Mac loved taking a new boat on its first real cruise. It was like meeting a really interesting woman. Challenging. That was where the reward came-getting the best out of himself and an unknown boat.
No one else at risk, no one else to die, no one else to survive alone and sweat through nightmares the same way.
When Mac had finished his checklist, he climbed the inner steps back up out of the engine compartment into the salon. Plastic wrapped the upholstered furnishings and protected the narrow, varnished teak planks that were technically a deck but were too beautiful to be called anything but a floor. When he closed the hatch, it fit almost seamlessly into the floor in front of the sofa.
Opposite the sofa was another, bigger, L-shaped sofa. Nestled in the angle of the L was a teak dining table, also protected by plastic and cardboard. Polished black granite curved around the galley. It was tucked underneath wrappings. Everything was, except the wheel itself. Varnished teak gleamed with invitation.
Mac opened the teak panel that concealed two ranks of electrical circuit breakers and meters. He noted a scratch on the inside of the door. Cosmetic, not a problem. He checked each carefully labeled meter and breaker, going down the ranks, engaging breakers and energizing the circuits he expected to need.
The last two breakers he threw were marked Port and Starboard Engine start/stop. When he engaged them, two loud buzzers signaled that the diesels in the engine room were ready to go.
With a final check of the batteries, he went back through the salon, into the well, and up the narrow six-step stairway to the flying bridge. He checked the switch settings on bridge controls, then lifted his hand and twirled his fingers in a tight circle.

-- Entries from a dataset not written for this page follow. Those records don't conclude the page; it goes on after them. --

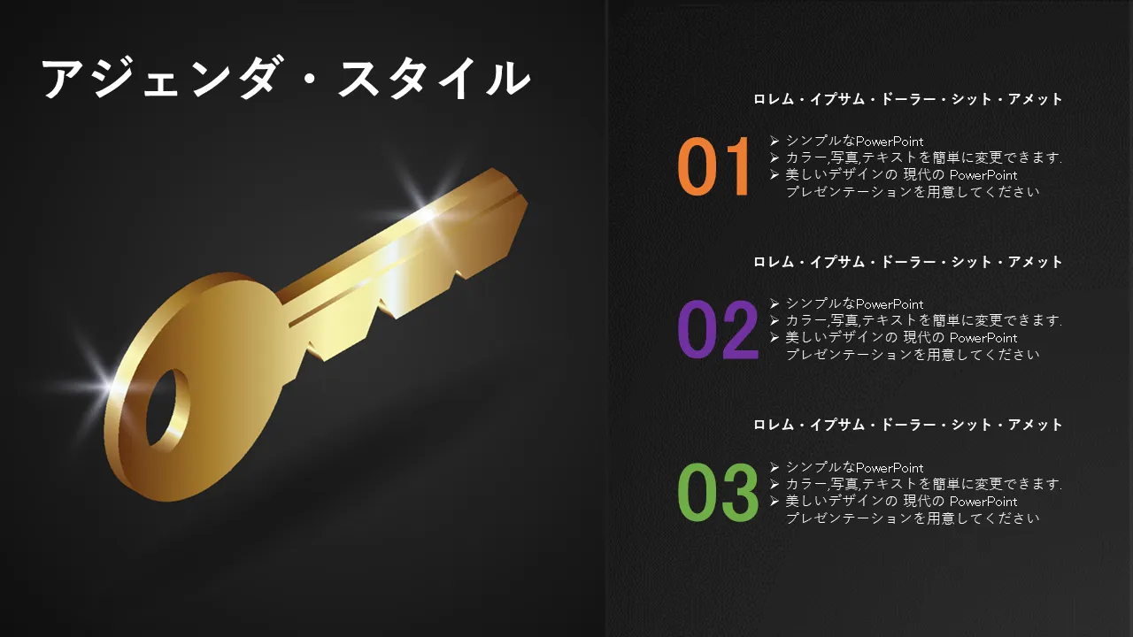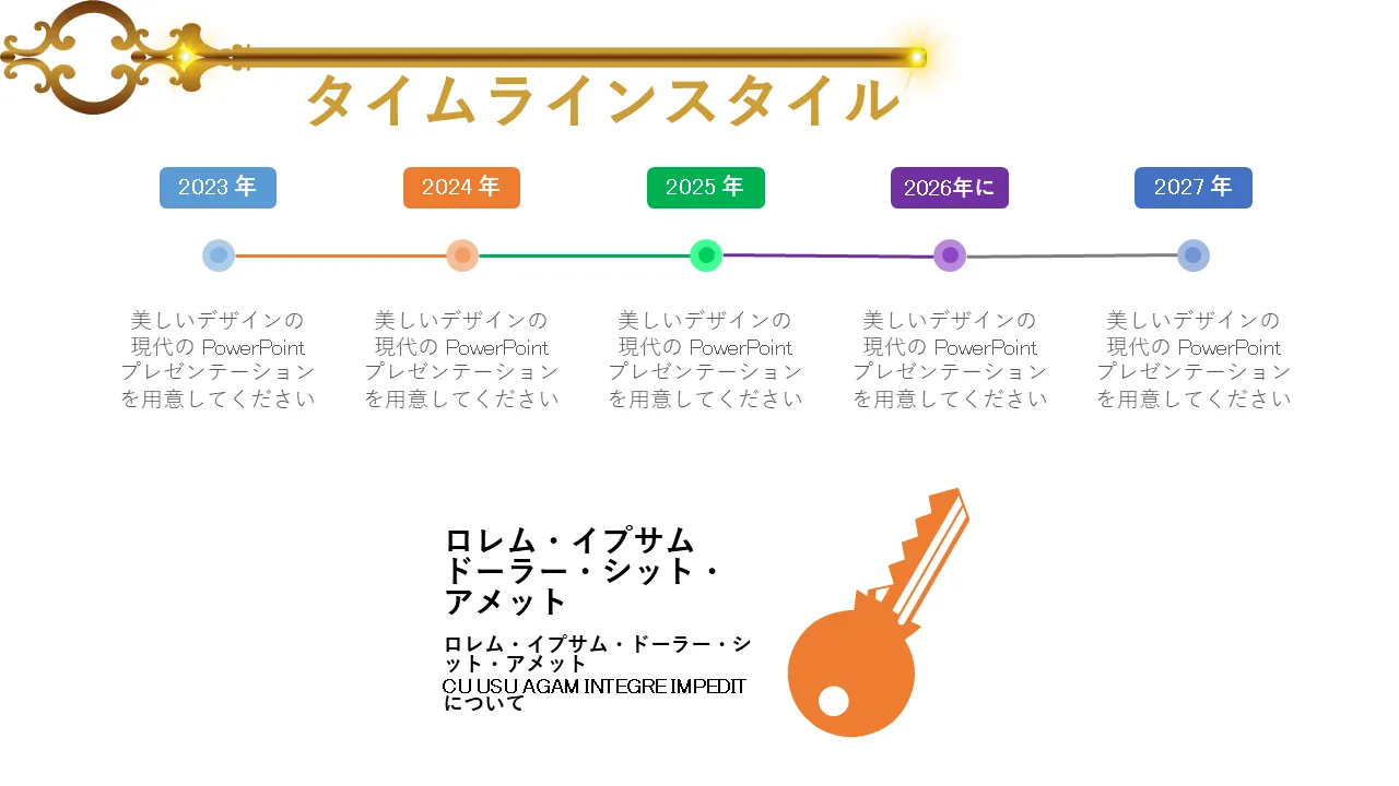 この視覚的に説得力のある PowerPoint テンプレートは、アクセス、制御、戦略的優位性を象徴する金の鍵を保持しているビジネスマンの比喩を中心にしています。プロフェッショナル向けにデザインされており、権威と先進的なビジョンを伝える、洗練されたモダンな美学を提供します。このテンプレートは、画期的なアイデアを伝えたり、機会を解放したり、重要なビジネス上の意思決定を視聴者にガイドしたりするのに最適です。すっきりとしたレイアウトと象徴的な画像により、視覚的なストーリーテリングが重要な一か八かのプレゼンテーションに最適です。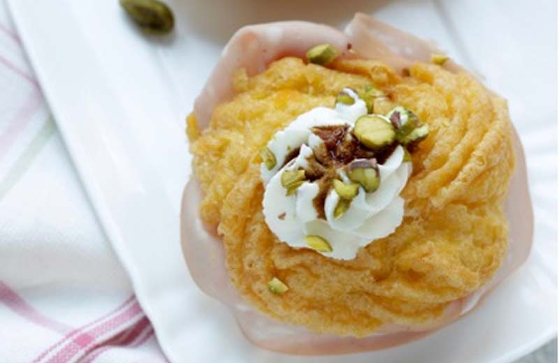 Tagliate a metà la zeppola, farcite con una fetta di Mortadella Bologna IGP, decorate al centro con un ciuffetto di ricotta un po’ di aceto balsamico e i pistacchi.
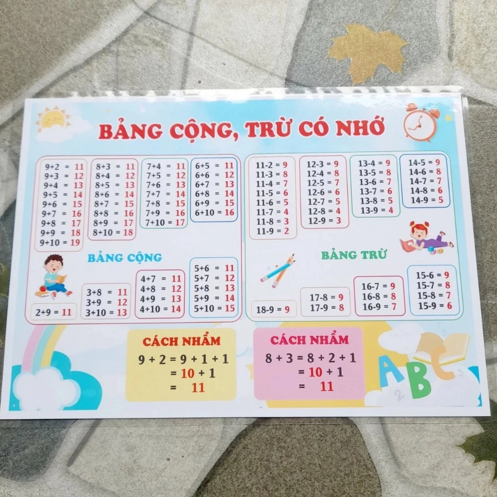 🔥 Bảng cộng trừ có nhớ, in đẹp, ép plastic, kích thước A4, in đẹp đang giảm giá!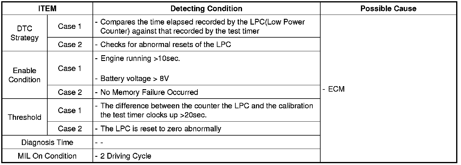 If abnormal counterdown is detected for a calibratable time, ECM sets P2610. MIL(Malfunction Indication Lamp) turns on when the malfunction lasts till consecutive 2 driving cycle.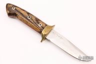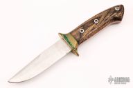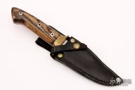 This Chute Knife by Floyd E Medlin features a clip point blade with .124" blade stock and 1.047" blade depth, full tang construction. The handle has brass guard with pack scales and red liners. Comes with a black leather sheath. Has some scratches and patina, otherwise good condition.
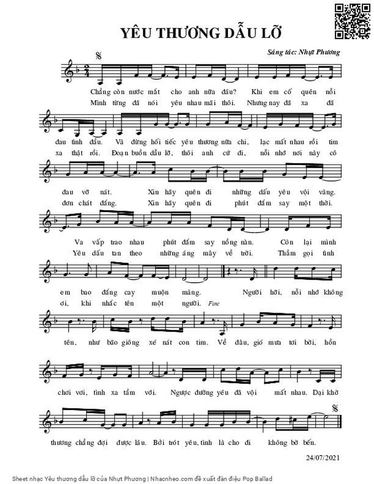 Nhựt Phương Chẳng còn nước mắt cho anh nữa đâu [PDF] [Sheet] [Lyrics] [Mp4/Midi]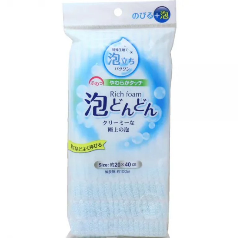 Мочалка бережно очищает кожу и оказывает массирующее действие. Создает большой объем пены, позволяя экономично расходовать мыло или гель для душа. Мочалка растягивается до 100 см.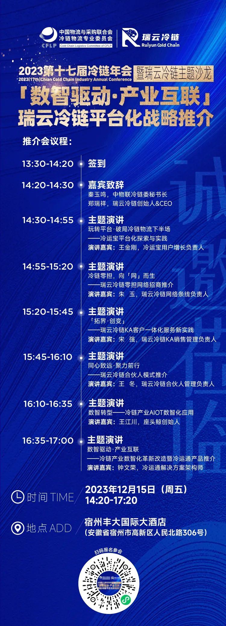 December 15-17, 2023, by the China Federation of Logistics and Purchasing hosted by the China Federation of Logistics and Purchasing Cold Chain Logistics Committee to host the "2023 17th China Cold Chain Industry Annual Conference" will be held in Suzhou, Anhui Province.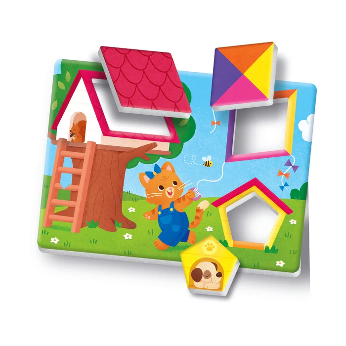 Un jeu simple et amusant pour encourager les plus petits à reconnaître les formes géométriques et les 4 couleurs principales.

The overhead crane operator smoothly picked up five feet of cable, lifting the yacht up and out of its cradle. The fresh afternoon breeze off Puget Sound tried to turn Blackbird perpendicular to the container ship, but the operator had anticipated the wind and corrected for it. The overhead crane arm swung the yacht toward the huge ship’s outside rail.
For a second Mac felt like the boat was adrift, flying. This was the part of the job he didn’t like, when he had to trust his life to the crane operator’s skill.